> [Action item]: Would you retype exactly the lines below, starting with the one that has "女性用長袖Vネックレースブラ" and going on through the one that has "DAX. A deux", with no pictures and nothing else?

> [Dataset entries]:
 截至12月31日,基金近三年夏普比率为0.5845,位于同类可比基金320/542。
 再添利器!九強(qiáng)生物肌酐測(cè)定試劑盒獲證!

...

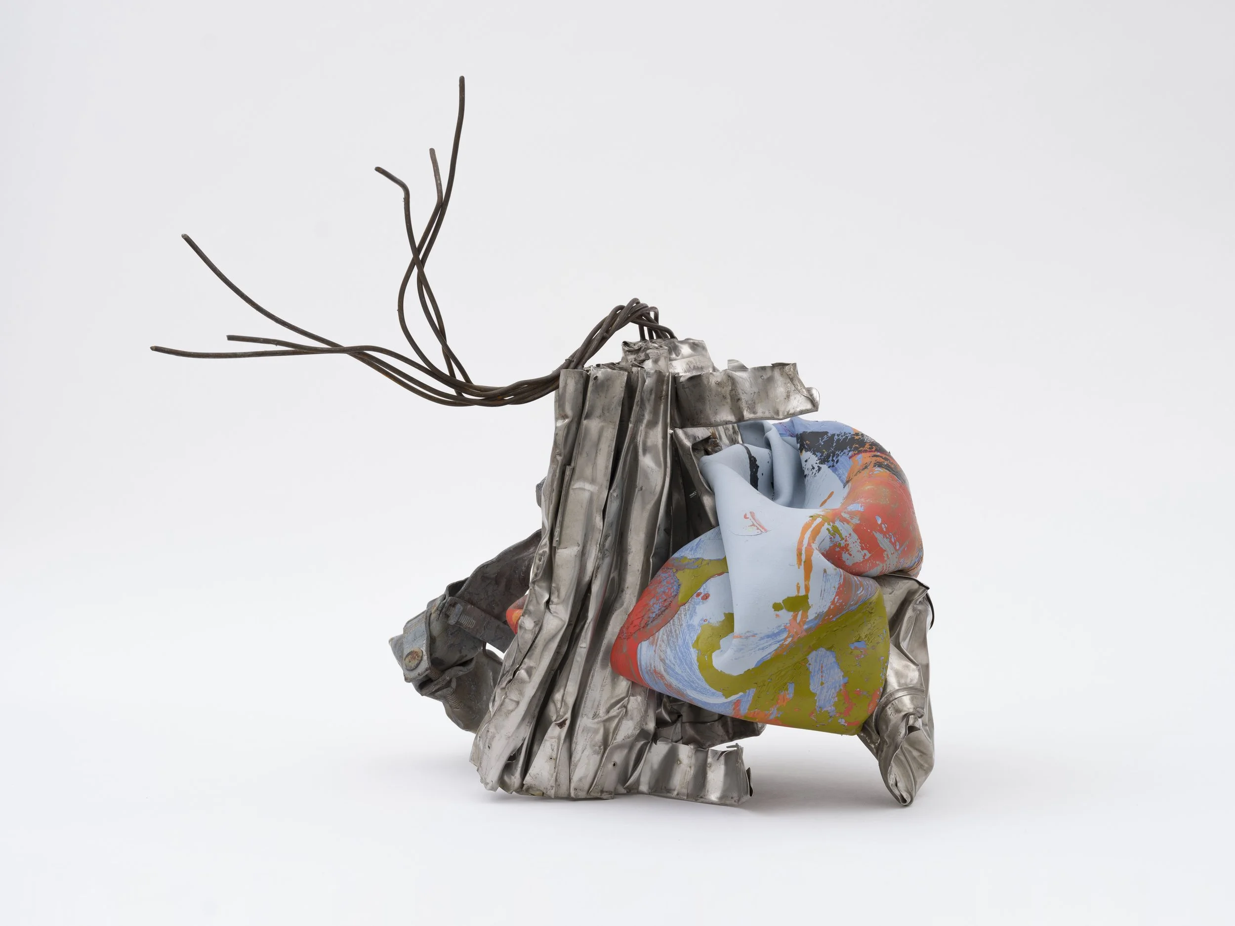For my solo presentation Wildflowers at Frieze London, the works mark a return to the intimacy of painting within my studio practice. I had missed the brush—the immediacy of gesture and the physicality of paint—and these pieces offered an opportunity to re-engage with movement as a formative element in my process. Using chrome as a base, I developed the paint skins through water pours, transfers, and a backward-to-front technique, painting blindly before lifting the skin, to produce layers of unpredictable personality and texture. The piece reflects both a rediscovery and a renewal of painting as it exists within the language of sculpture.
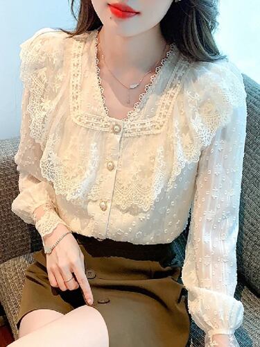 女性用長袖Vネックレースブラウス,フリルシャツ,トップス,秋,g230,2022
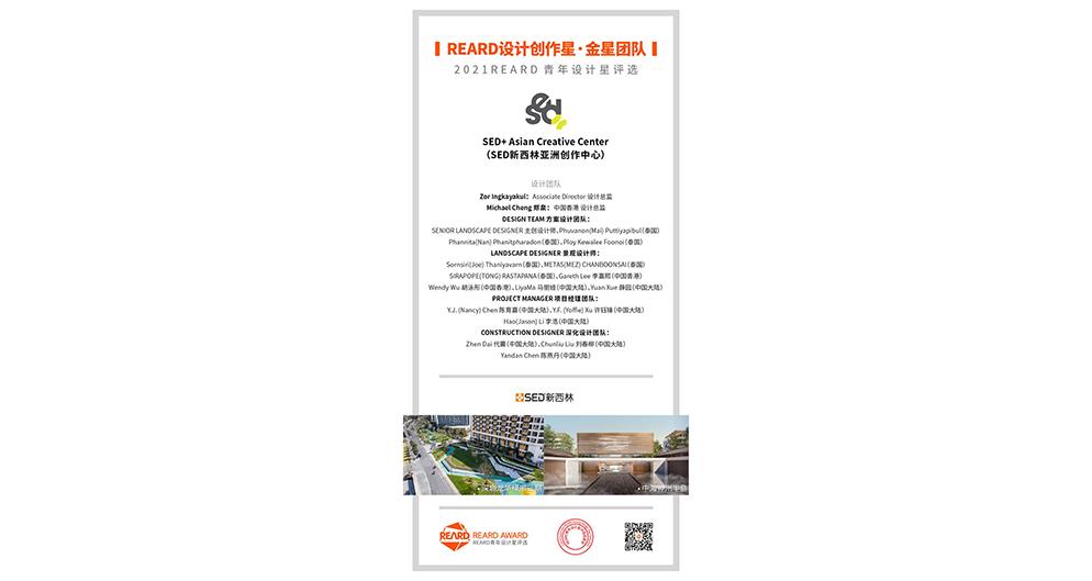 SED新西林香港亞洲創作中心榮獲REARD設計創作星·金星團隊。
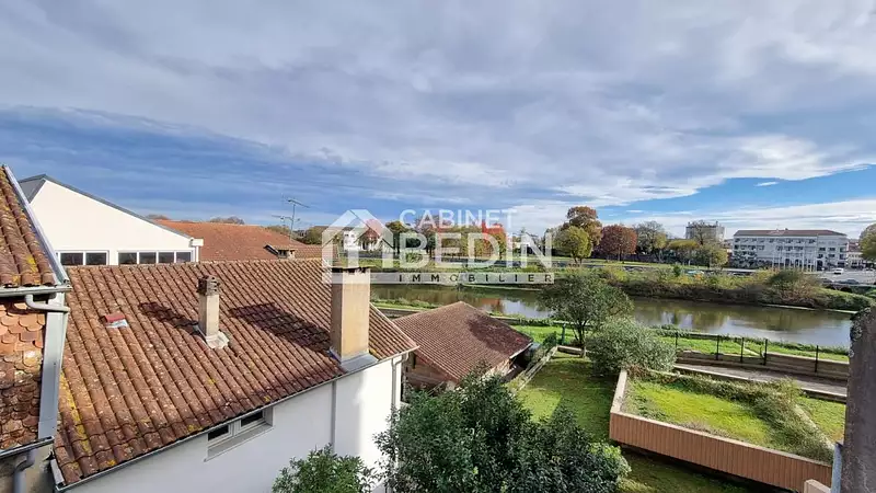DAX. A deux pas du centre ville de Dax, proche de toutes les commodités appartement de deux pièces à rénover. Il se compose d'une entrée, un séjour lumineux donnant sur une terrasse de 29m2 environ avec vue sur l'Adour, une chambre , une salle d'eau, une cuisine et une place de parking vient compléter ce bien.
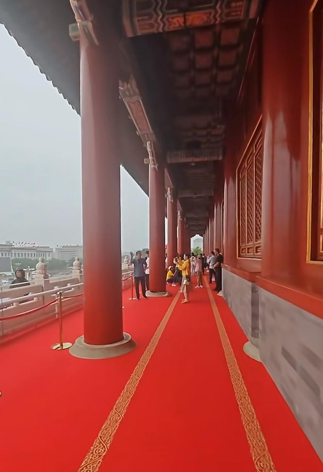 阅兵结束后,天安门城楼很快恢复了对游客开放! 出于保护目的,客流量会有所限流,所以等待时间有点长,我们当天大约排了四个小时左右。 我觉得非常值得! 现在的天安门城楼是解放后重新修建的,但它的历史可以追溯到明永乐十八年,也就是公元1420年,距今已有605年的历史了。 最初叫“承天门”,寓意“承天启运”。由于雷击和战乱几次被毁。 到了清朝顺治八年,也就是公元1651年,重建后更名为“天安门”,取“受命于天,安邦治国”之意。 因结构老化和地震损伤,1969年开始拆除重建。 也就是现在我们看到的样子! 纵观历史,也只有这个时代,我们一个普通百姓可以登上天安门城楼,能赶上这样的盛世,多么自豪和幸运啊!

> [Problem solution]:
 女性用長袖Vネックレースブラウス,フリルシャツ,トップス,秋,g230,2022
 SED新西林香港亞洲創作中心榮獲REARD設計創作星·金星團隊。
DAX. A deux pas du centre ville de Dax, proche de toutes les commodités appartement de deux pièces à rénover. Il se compose d'une entrée, un séjour lumineux donnant sur une terrasse de 29m2 environ avec vue sur l'Adour, une chambre , une salle d'eau, une cuisine et une place de parking vient compléter ce bien.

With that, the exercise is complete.